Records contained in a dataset
———

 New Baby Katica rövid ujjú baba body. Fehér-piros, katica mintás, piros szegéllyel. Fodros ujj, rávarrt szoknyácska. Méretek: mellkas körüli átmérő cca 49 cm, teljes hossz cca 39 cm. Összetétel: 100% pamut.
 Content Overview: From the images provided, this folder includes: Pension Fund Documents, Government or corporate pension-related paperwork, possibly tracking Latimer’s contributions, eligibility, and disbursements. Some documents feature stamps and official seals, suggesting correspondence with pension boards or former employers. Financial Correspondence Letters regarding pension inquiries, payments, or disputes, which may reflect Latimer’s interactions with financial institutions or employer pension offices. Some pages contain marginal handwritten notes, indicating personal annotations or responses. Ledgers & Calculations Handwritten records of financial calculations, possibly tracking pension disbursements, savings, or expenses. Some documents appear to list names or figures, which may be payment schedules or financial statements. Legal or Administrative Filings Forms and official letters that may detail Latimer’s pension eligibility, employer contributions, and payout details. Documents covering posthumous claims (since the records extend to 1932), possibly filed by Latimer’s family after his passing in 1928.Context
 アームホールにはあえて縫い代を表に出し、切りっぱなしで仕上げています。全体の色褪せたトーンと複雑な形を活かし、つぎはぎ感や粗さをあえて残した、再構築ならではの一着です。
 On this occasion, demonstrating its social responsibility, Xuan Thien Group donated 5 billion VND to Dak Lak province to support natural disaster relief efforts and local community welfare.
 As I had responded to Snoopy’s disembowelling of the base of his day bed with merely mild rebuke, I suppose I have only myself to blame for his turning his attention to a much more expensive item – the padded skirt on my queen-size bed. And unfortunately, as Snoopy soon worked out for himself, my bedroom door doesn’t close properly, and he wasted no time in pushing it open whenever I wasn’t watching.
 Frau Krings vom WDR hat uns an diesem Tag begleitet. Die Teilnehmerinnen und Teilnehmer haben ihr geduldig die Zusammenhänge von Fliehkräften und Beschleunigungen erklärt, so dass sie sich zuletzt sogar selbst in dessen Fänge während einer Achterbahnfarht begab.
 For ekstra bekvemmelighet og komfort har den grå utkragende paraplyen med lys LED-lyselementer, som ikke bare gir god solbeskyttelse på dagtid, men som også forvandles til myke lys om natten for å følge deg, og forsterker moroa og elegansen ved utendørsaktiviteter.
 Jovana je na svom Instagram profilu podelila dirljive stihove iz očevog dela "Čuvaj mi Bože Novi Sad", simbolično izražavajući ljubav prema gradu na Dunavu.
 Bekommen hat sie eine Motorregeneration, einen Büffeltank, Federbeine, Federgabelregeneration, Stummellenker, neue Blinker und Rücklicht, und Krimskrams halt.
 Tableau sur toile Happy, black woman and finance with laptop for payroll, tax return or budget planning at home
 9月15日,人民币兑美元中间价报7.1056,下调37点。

———

* [Work task]: The lines above from the one containing "アームホールにはあえて縫い代" through the one containing "Frau Krings vom" are to be set down exactly, and no others.

* [Written solution]:
 アームホールにはあえて縫い代を表に出し、切りっぱなしで仕上げています。全体の色褪せたトーンと複雑な形を活かし、つぎはぎ感や粗さをあえて残した、再構築ならではの一着です。
 On this occasion, demonstrating its social responsibility, Xuan Thien Group donated 5 billion VND to Dak Lak province to support natural disaster relief efforts and local community welfare.
 As I had responded to Snoopy’s disembowelling of the base of his day bed with merely mild rebuke, I suppose I have only myself to blame for his turning his attention to a much more expensive item – the padded skirt on my queen-size bed. And unfortunately, as Snoopy soon worked out for himself, my bedroom door doesn’t close properly, and he wasted no time in pushing it open whenever I wasn’t watching.
 Frau Krings vom WDR hat uns an diesem Tag begleitet. Die Teilnehmerinnen und Teilnehmer haben ihr geduldig die Zusammenhänge von Fliehkräften und Beschleunigungen erklärt, so dass sie sich zuletzt sogar selbst in dessen Fänge während einer Achterbahnfarht begab.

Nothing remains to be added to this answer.